* **Work item**:
Reproduce word for word the lines between the one containing "Konstsmide Boule à" and the end of the entries below, both inclusive; leave out pictures.

* **Exercise input**:
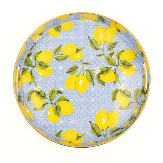 Featuring a vibrant blue tile print overlaid with cheerful lemons, this tray brings a fresh and playful touch to your tabletop or décor. The geometric tile pattern paired with the bright citrus accents creates a lively, Mediterranean-inspired aesthetic, making it perfect for serving, entertaining, or as a decorative accent that adds a pop of color to any space.
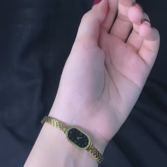 This chic Gold-Plated Watch Style Bangle Bracelet combines the elegance of jewelry with the charm of a timepiece-inspired design. Featuring a sleek black dial face with Roman numeral accents, it’s the perfect fashion accessory to add a touch of sophistication without being a functional watch.
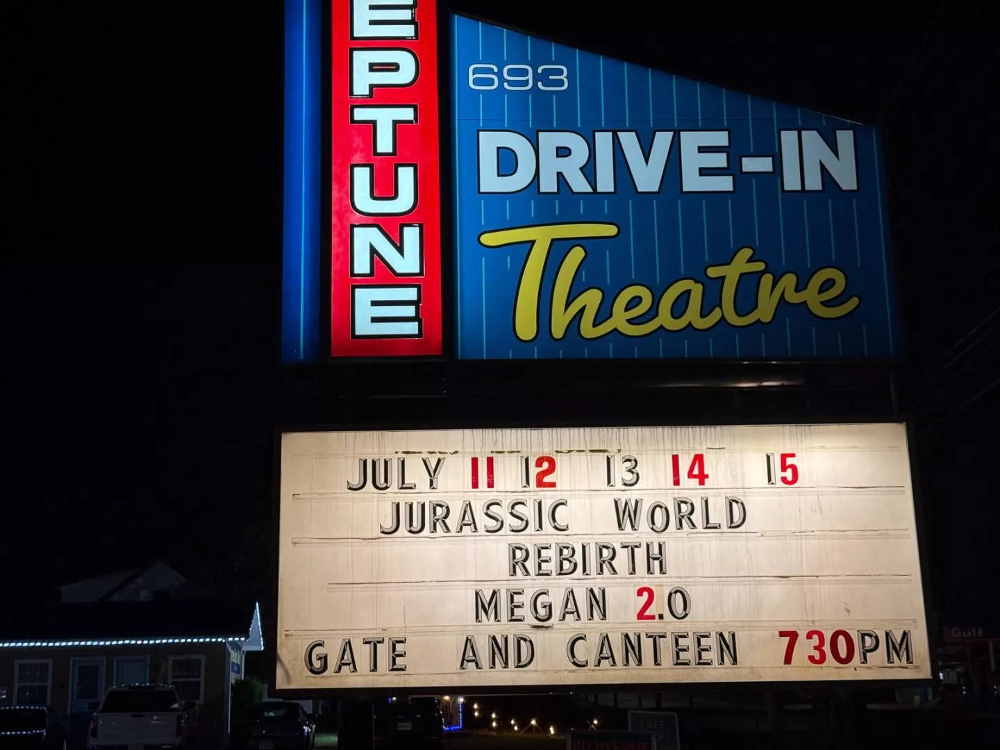 Neptune Drive-In v Shediacu promítá už od roku 1960. Otevírají každé léto zhruba od června do září, hrají čtyři dny v týdnu a program se mění každý víkend.
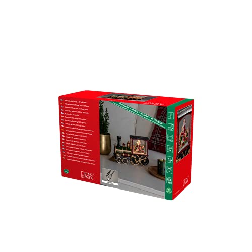 Konstsmide Boule à neige en train avec Père Noël et lutins - Minuterie de 5 heures - Fonctionne avec 3 piles AA 1,5 V (non incluses) - Lanterne de Noël
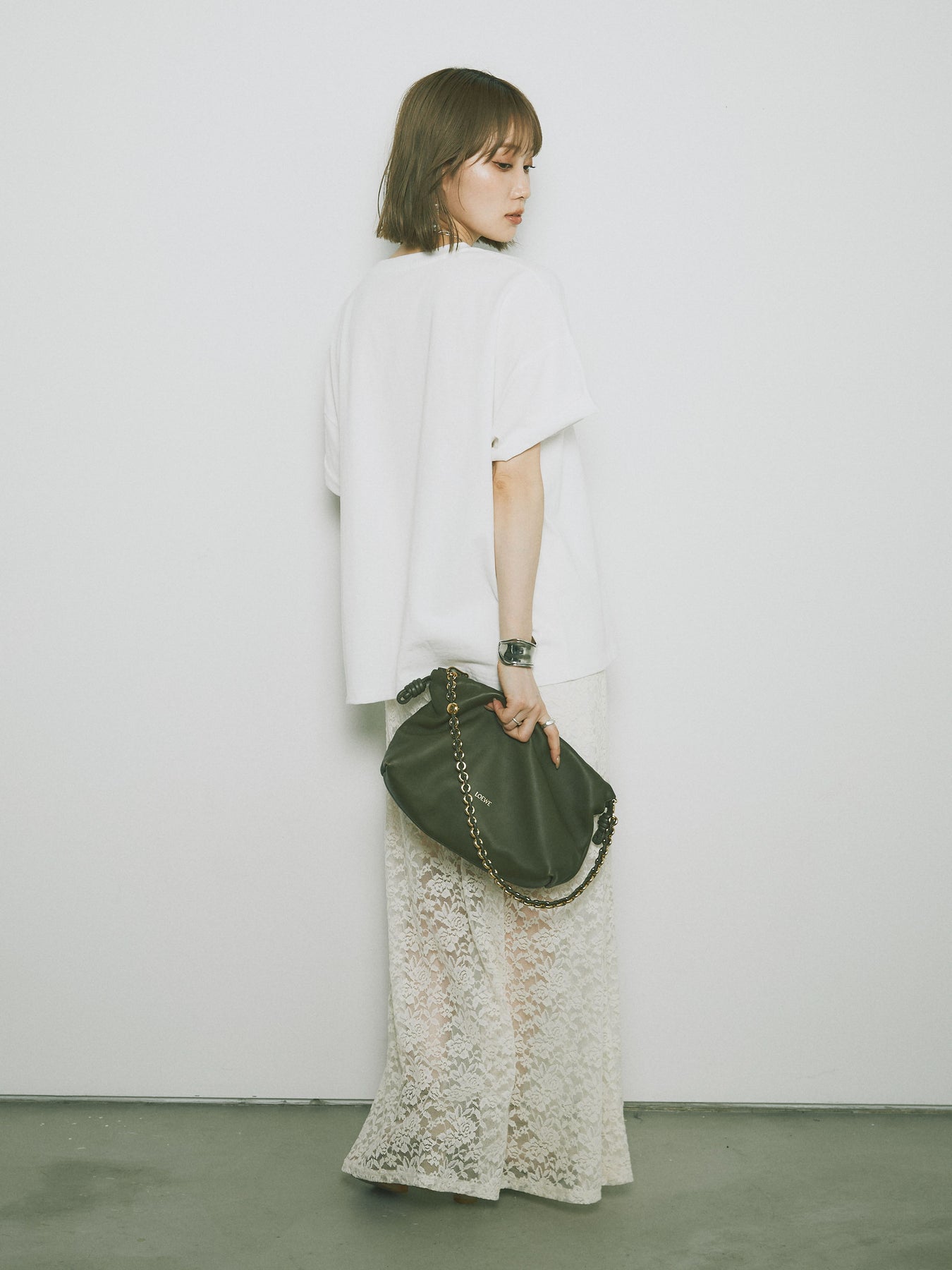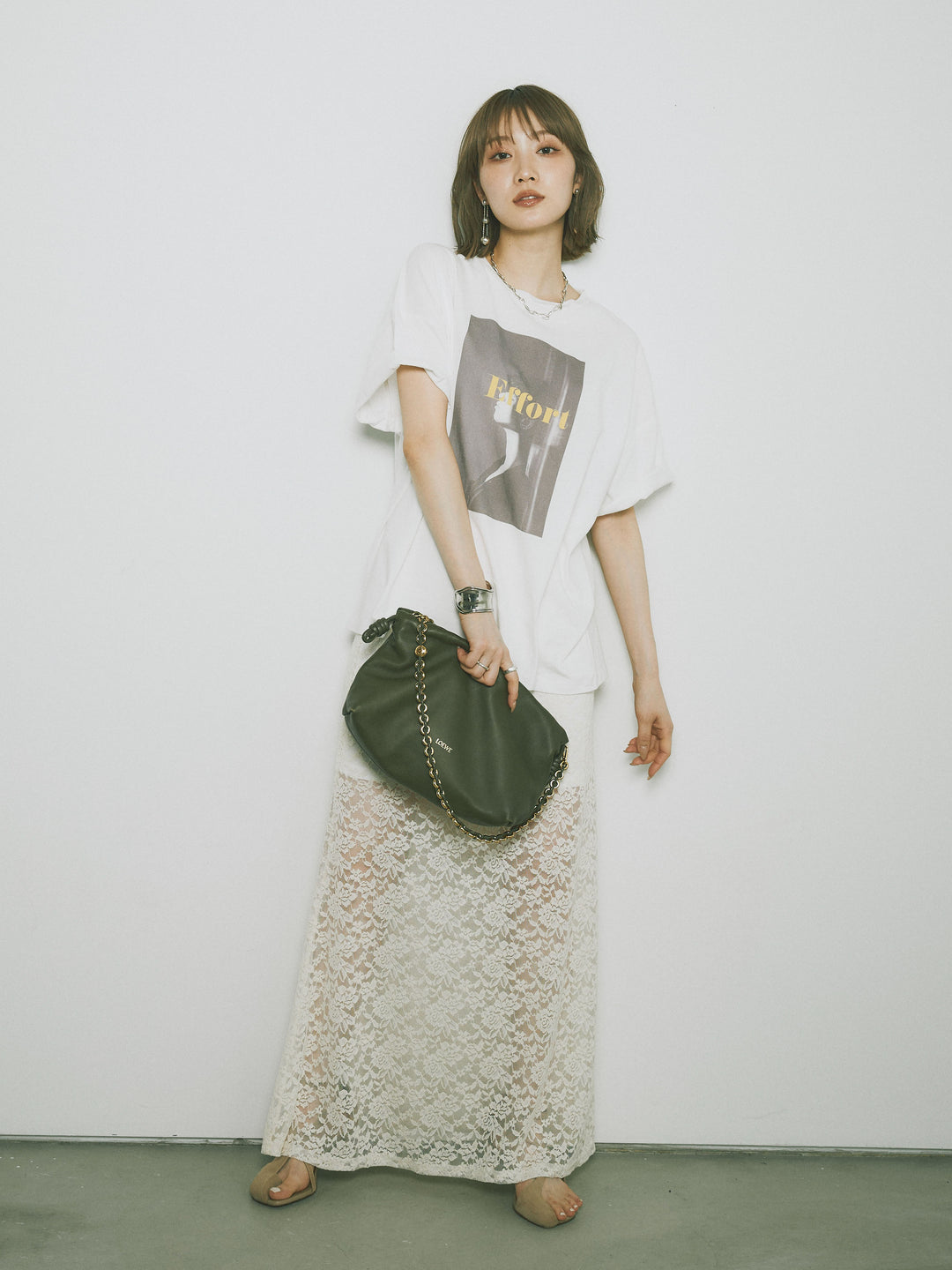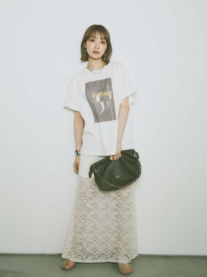 シンプルなホワイトカラーに、異なるロゴプリントが魅力的なアソートロゴプリントオーバーTシャツ。ゆったりとしたオーバーサイズシルエットで、リラックス感のある着心地を提供します。フロントのプリントは、シンプルでありながらアクセントとなり、コーディネートを引き立てます。カジュアルなデザインながらも、どこか洗練された印象を与える一枚です。 ※ボトムス、キャミソール(インナー)以外の商品は一律でインナーは付属していません。

* **Problem solution**:
 Konstsmide Boule à neige en train avec Père Noël et lutins - Minuterie de 5 heures - Fonctionne avec 3 piles AA 1,5 V (non incluses) - Lanterne de Noël
 シンプルなホワイトカラーに、異なるロゴプリントが魅力的なアソートロゴプリントオーバーTシャツ。ゆったりとしたオーバーサイズシルエットで、リラックス感のある着心地を提供します。フロントのプリントは、シンプルでありながらアクセントとなり、コーディネートを引き立てます。カジュアルなデザインながらも、どこか洗練された印象を与える一枚です。 ※ボトムス、キャミソール(インナー)以外の商品は一律でインナーは付属していません。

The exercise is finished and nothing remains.